I see that there is an experimental feature (looking through
config.default.php) to create checksums. I'd really like to know more
about that and how it could help us.

All in all it seems that backup is easy enough, but *restoring* a
small number of files that were deleted or corrupted is completely
manual. In a disaster recovery (or even a migration) scenario a fresh
install, importing of the database, files into /filestore, and config
should work fine, though still a fairly manual process. In other
words, recovery seems like an easier proposition than simple restore,
and from an archival perspective, Resourcespace may still have a
little growing to do.

Having said all of this, I should add that the feature set is awesome
and it seems totally usable to me. Not interested in anything but
making my implementation solid so I can put it into production.

If anything I've mentioned here sounds like I'm not quite thinking
about this clearly, please, anyone, let me know.
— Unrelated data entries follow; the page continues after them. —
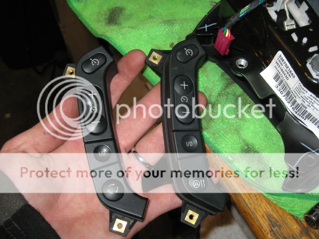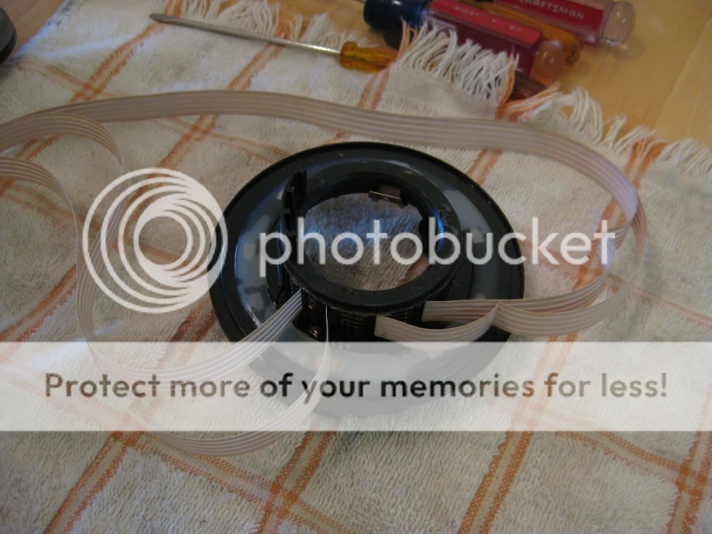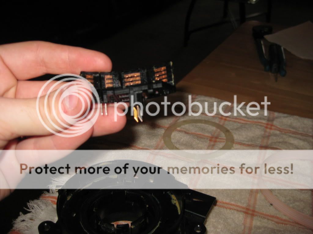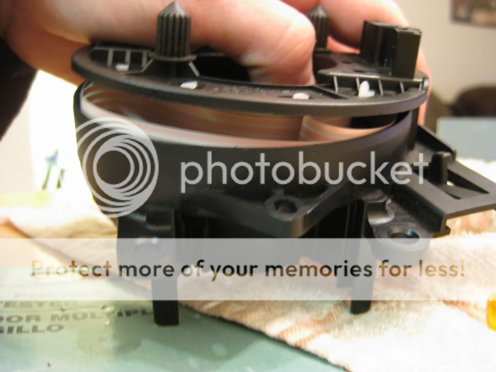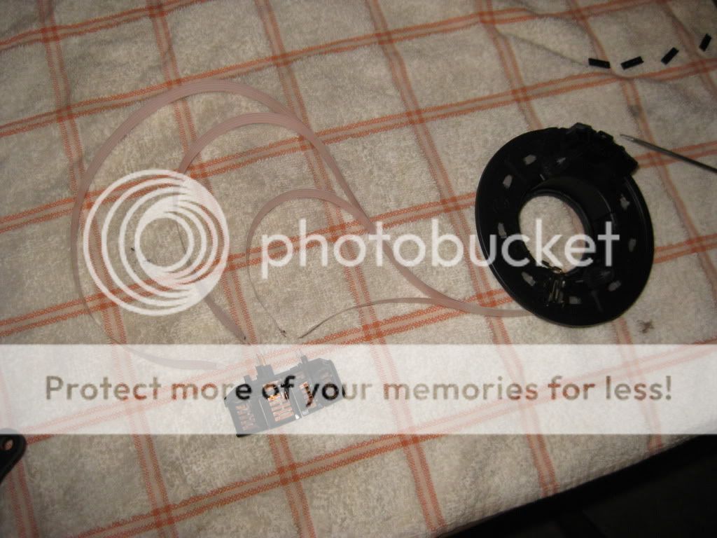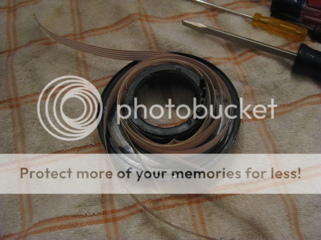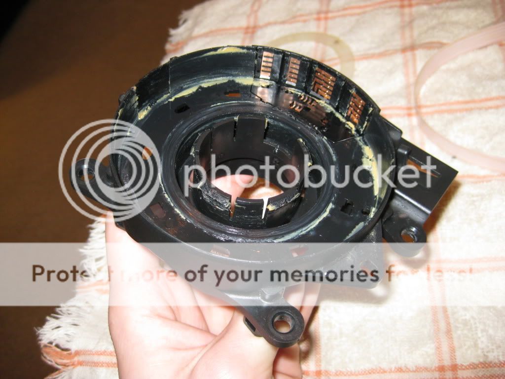 A clock spring is basically a way to wire power to the steering wheel buttons w/out the wires getting tangled or twisted when the steering wheel rotates. (I found this out). ![]() ![]() ![]() ![]() ![]() ![]() ![]() ![]() ![]() ![]() When I finally got it apart, the wire ribbons were twisted up and some had bends in them. ![]() ![]() This is the other half. The ribbons were supposed to be connected to that copper metal. ![]() Took me a little while to figure out what in the world was going on and how all this worked. ![]() I needed to find out if any of the ribbons were damaged. So I read the resistance of each individual wire in the ribbon to make sure the metal was still intact and not broken b/c of a bend or something. ![]() ![]() ![]() ![]() ![]() ![]() ![]() This is where all 4 ribbons ripped apart when I turned the wheel. If the clock spring was not wound up all the way tight, they would have never been pulled apart. ![]() ![]() ![]() ![]() So I sanded and stripped back the plastic so I could reconnect the ribbon to the metal. ![]() Then I soldered the ribbon ends back to the metal. ![]() Then glued the black plastic back over the ribbon. ![]() Here each ribbon was re-connected to its appropriate connection. ![]() ![]() Here I snapped all the connectors back together. ![]() Here its all wound back up. Almost done. ![]() ![]() ![]() All thats left is to stick it all back inside. And snap it back together. ![]() ![]() All Done ![]() Once I got it back in the car, it worked great. Before no green like b/c all ribbons had lost their connections. This was a very difficult and tedious process. To fix just the clock spring probably took 6-8 hrs. But would go much faster the 2nd time. I spend so much time trying to figure out what the heck was all this mess and how the heck did I get in the middle of it. I made sure when I installed the clock spring 2nd time around that it was not wound tight. From the tight position I turned it back 3 full turns. When driving it will never turn 3 full turns from center so I know there is no risk of destroying it again. Comments or Questions....let me have them ![]() |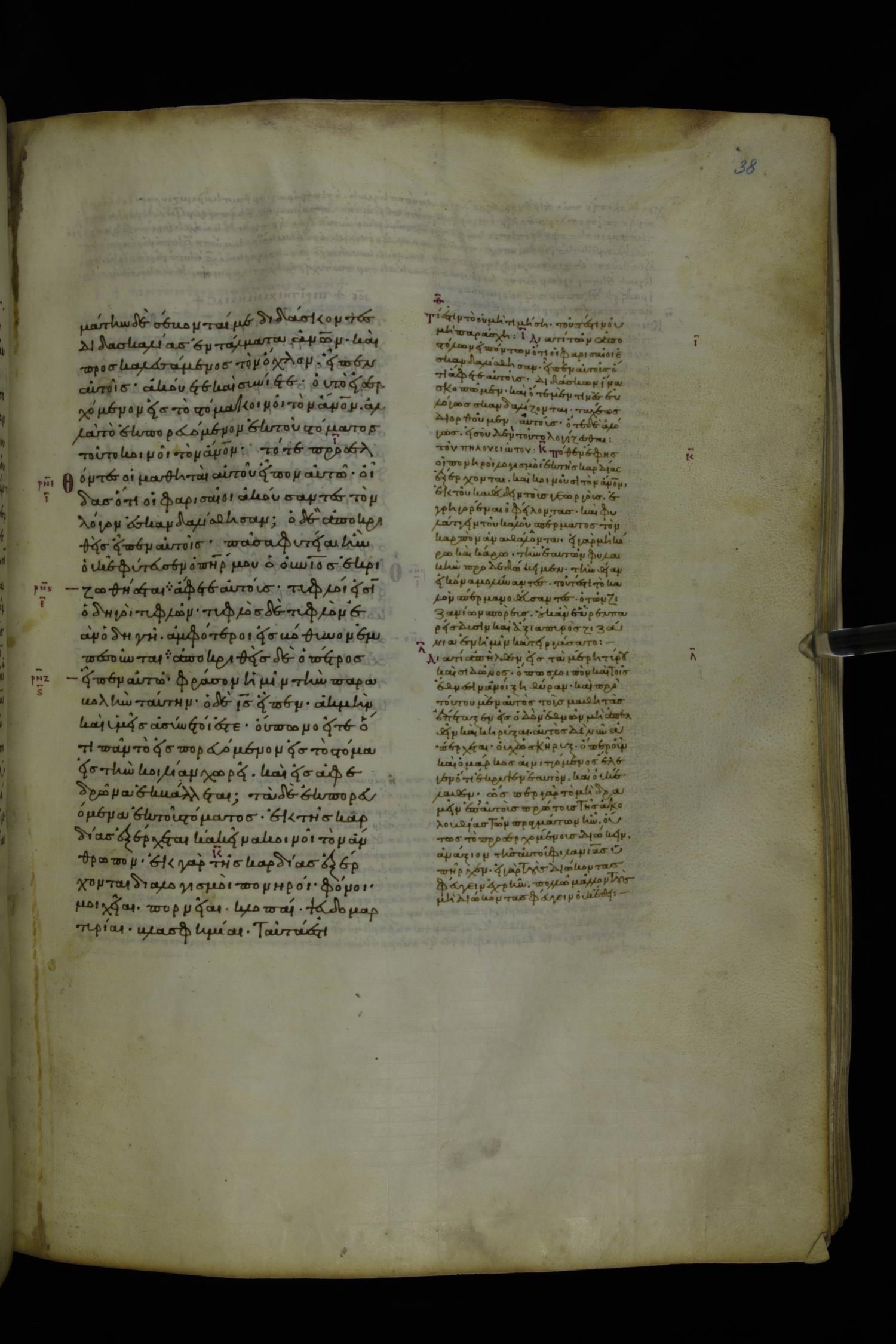Tenth century minuscule of the Gospels with commentary; 285 leaves, 1 column, 4-34 lines per column. Images were taken at the National Library of Greece in Athens.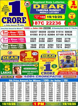 Nagaland State Lottery Sambad Dear Morning 1 PM Result Today 19-10-2025 LIVE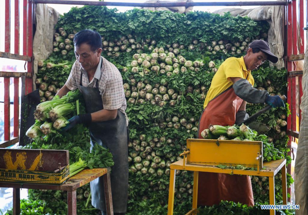 Villagers process highland vegetables at a warehouse in Anding District of Dingxi, northwest China's Gansu Province, July 13, 2021. Taking advantage of the cool summer climate in Dingxi, a plateau city in northwest China, local farmers have been encouraged to plant more than 20 varieties of highland vegetables. By successfully selling these vegetables to the country's coastal provinces, the local highland vegetable businesses have proven a key industry that boosts rural income growth. (Xinhua/Ma Xiping)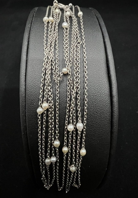 Rare French platinum and natural pearl 52 inch muff chain, circa 1800’s.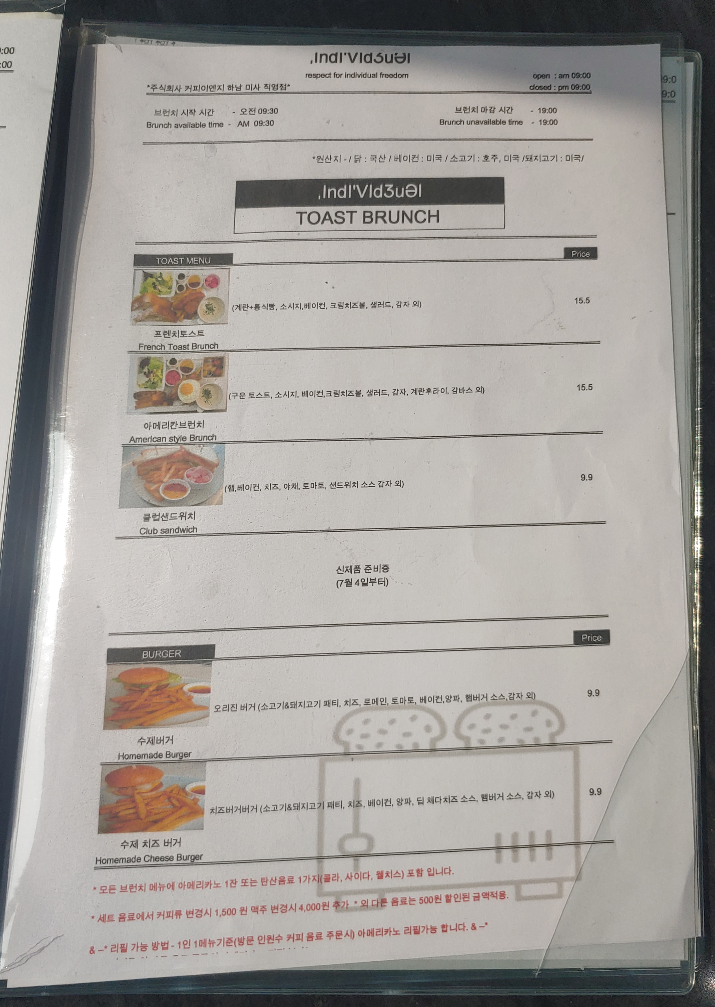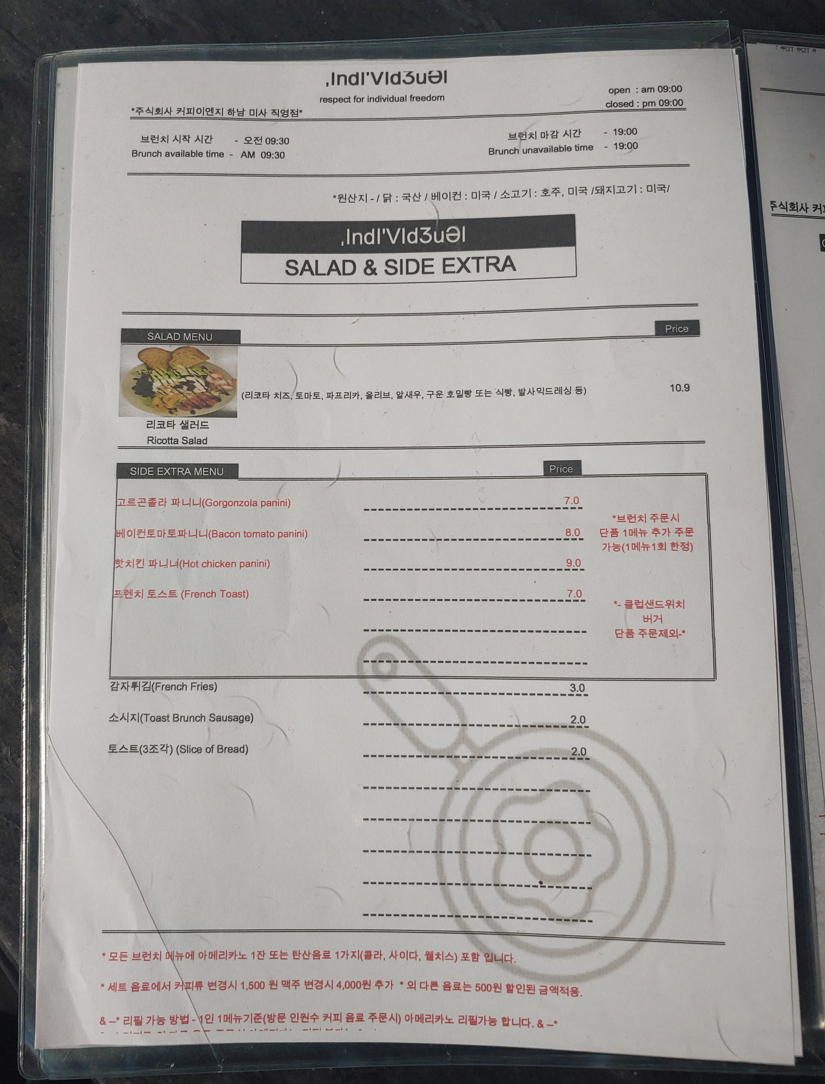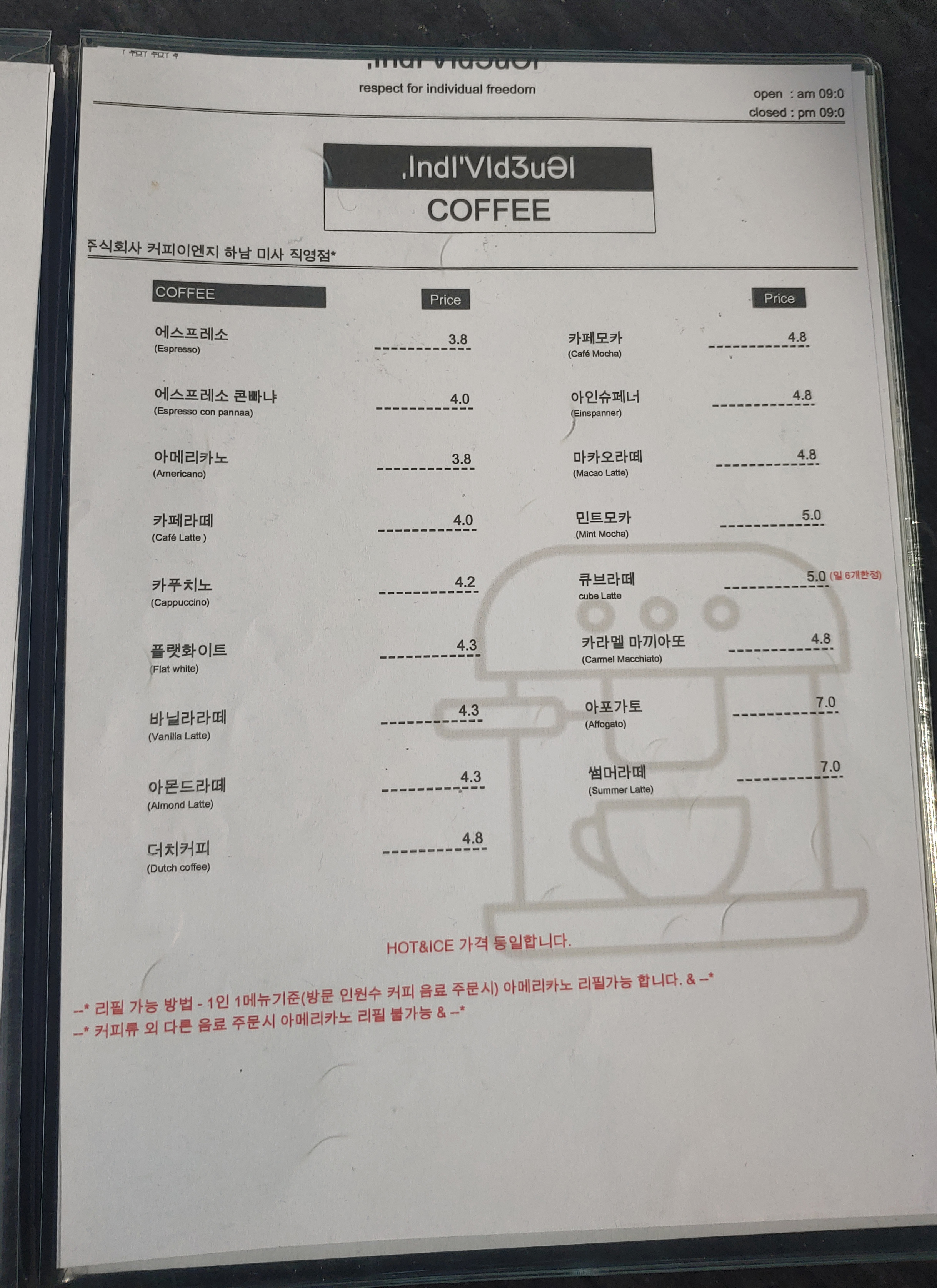 인디비주얼 자체의 영어보다 영어 발음이 이 카페의 간판이더군요. 저렇게 지은 이유가 있을 것도 같은데... 뭘까요..?

Thanks again for your kind and thoughtful replies,
Ben
> > resourcespac...@googlegroups.com<resourcespace%2Bunsubscribe@goog legroups.com>
> > .

Tom Gleason

unread,
Oct 13, 2010, 2:26:22 PM10/13/10
to resour...@googlegroups.com
It doesn't take much work to develop a script that will back up the database and even the whole RS installation. I'm not sure this is a job appropriate for RS base code, as it's just a general IT issue.

cron job to do a mysql dump nightly, and rsync the whole thing to another server. It's really not that difficult, but it involves issues outside of RS code, such as how to set up a remote SSH server to rsync to (or an amazon s3 bucket mounted with s3fs as David and I were recently discussing), though I agree it might be an area that could use documentation.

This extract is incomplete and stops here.